Now compare the ROC curves for the non-oscillating target and the Swerling 1 target. In particular, you want to find out what the SNR requirements are for both situations if you want to achieve the same Pd and Pfa. For such a comparison, it is often convenient to plot the ROC curve as a function of Pd versus SNR with varying Pfa. We can use the rocpfa function to plot the ROC curve in this form.
Assume that the detection is incoherent, with 10 integrated pulses, and the desired Pfa value is no more than 1e-8. First, plot the ROC curve for a non-oscillating target.
rocpfa(1e-8,NumPulses=10,SignalType="NonfluctuatingNoncoherent")
Then, for comparison, plot the ROC curve for the Swerling 1 target.
rocpfa(1e-8,NumPulses=10,SignalType="Swerling1")

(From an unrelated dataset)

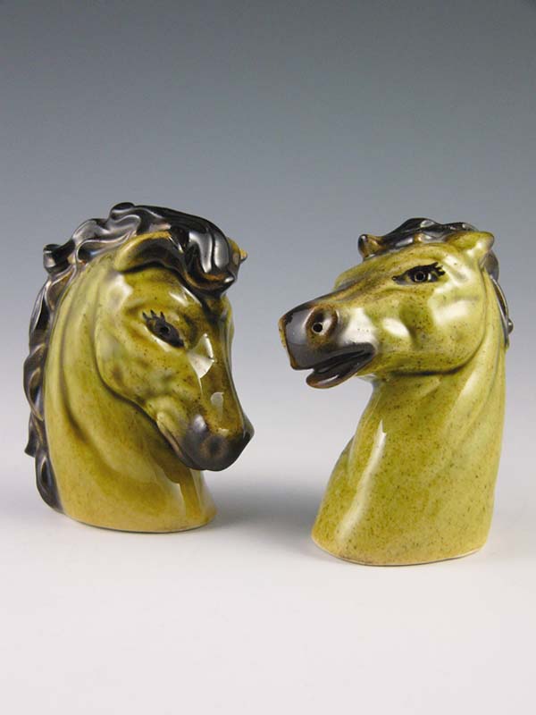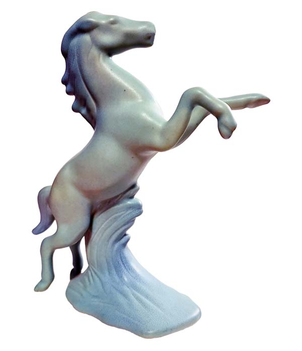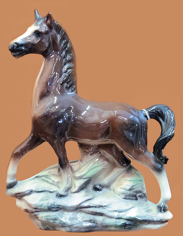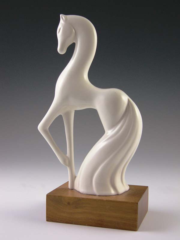 Horses are the stuff dreams are made of, such as Trigger, Black Beauty, Misty of Chincoteague, and Fury. Horses are strong. Theyre brave and loyal. Sometimes, theyre even funny, like Mr. Ed. To many folks, horses are considered members of the family, really large ones. With each pulsing hoofbeat, each tossing mane, were reminded anew of their magnificence. Horses first began trotting their way into the artistic landscape during prehistoric times; cave paintings of the animals date back about 17,000 years. Horse figurines came even earlier: miniatures carved of mammoth ivory emerged during the Paleolithic period (about 30,000 B.C.). More recently (recent = 2500 B.C.), figurines of horse-drawn chariots appeared in ancient Greek and Roman art. By the 14th-century Renaissance era, an entire stableful of horse art was let loose into the pasture, including an enormous (and uncompleted) equine monument by Leonardo da Vinci. As the centuries progressed, horses found themselves playing supporting roles in a series of visual stories: field scenes; transportation scenes; battle, hunting, and racing scenes; and plenty of sporting events. Finally, during the 18th and 19th centuries, good horse sense came into play, and horses themselves became artistic focal points. Using anatomical drawings as references, painters and sculptors were able to more realistically capture their bone structure, movement, and line. No more rocking horse art, with front and back legs fully extended. A better understanding of the variations in horse gaits meant artisans could successfully blend artistic license with reality. Now, when a horse sculpture seemed to come thundering toward you, it was hard to resist the urge to flinch. By the mid-20th century, horse figurines had made it across the finish line as decorative must-haves for the home. Nearly every individual craftsperson or firm joined the horse brigade to create figurals that would meet with public approval. Some managed an entire roundup. The prolific Betty Harrington, of Madisons Ceramic Arts Studio, went for artistically enhanced realism in such creations as her Horse Heads salt-and-peppers. However, she was equally at home with interpretations less bounded by reality, as in her futuristic Modern Colt, with its gaunt figure and attenuated limbs. Some ceramists, like Muriel Joseph George of Josef Originals, were comfortable closely mirroring real life (her horse figurals are actually more realistic than the human figurines she became famous for). Other designers of the 1940s and 50s viewed reality as just a starting gate. The horse basics were there, the mane, the tail, the pounding hooves, but once that was set, it was time to kick over the traces. Several achieved success by over-emphasizing defining characteristics. The glacially windswept locks on a horse by Howard Pierce are meant to be the mane attention-getter. Its hard, however, to imagine a horse with this ones oversize head and foreshortened body actually making a go of it in real life. With Roselanes Fantasy Horse, its the tail that takes center stage, imaginatively lush and swooping to the floor. And, Marc Bellaires abstract dappled dobbin is wonderful to look at it, but, in reality, hed have trouble balancing on those stubby little legs. Still, the image of what a horse is has become so deeply imbedded in our consciousness that we immediately recognize and accept each of these interpretations as valid. Even decked out with Lucite tails (Elzac), or with multitudes of golden bows (Copa de Oro), we know what were looking at: a horse is a horse, of course, of course. Horse figurines could be made of whatever material sparked the imagination, from the traditional (ceramic, glass, metal, chalk, or plastic) to the less likely (papier-mch, leather). And, while many were static, others did double duty as TV lamps/planters, salt-and-peppers, cigarette lighters, and even hors doeuvres servers. Fortunately, since many mid-century horse figurines were mass-produced, they remain readily available and affordable. With a bit of smart horse-trading, todays collectors can easily corral a herd of blue ribbon winners! Photo Associate: Hank Kuhlmann. All photos by Donald-Brian Johnson and Hank Kuhlmann. Donald-Brian Johnson is the co-author of numerous Schiffer books on design and collectibles, including Postwar Pop, a collection of his columns. Please address inquiries to: donaldbrian@msn.com.

It can be seen from the figures that for a Pd of 0.9, an SNR of about 6 dB is required if the target does not fluctuate. However, if the target is the Swerling case 1 model, the required SNR increases to more than 14 dB, which is a difference of 8 dB. This will greatly affect the design of the system.
As with non-fluctuating targets, approximation equations exist to determine the required SNR without having to plot all the curves. The equation used for fluctuating purposes is the Shniedman equation. For the scenario used to construct ROC curves, the SNR requirements can be derived using the shnidman function.
snr_sw1_db = shnidman(0.9,1e-8,10,1) # Pd=0.9, Pfa=1e-8, 10 pulses
print("snr_sw1_db = $(round(snr_sw1_db;sigdigits=5)) дБ")
The calculated SNR value corresponds to the value obtained from the curve.
Conclusion
ROC curves are useful for analyzing detector efficiency for both coherent and incoherent systems. In this example, the rocsnr function was used to analyze the effectiveness of a linear detector at various SNR values. The improved detector performance achieved by averaging multiple samples was also considered. Finally, the example shows how the rocsnr and rocpfa functions can be used to analyze detector operation when using an incoherent detector for non-oscillating and fluctuating purposes.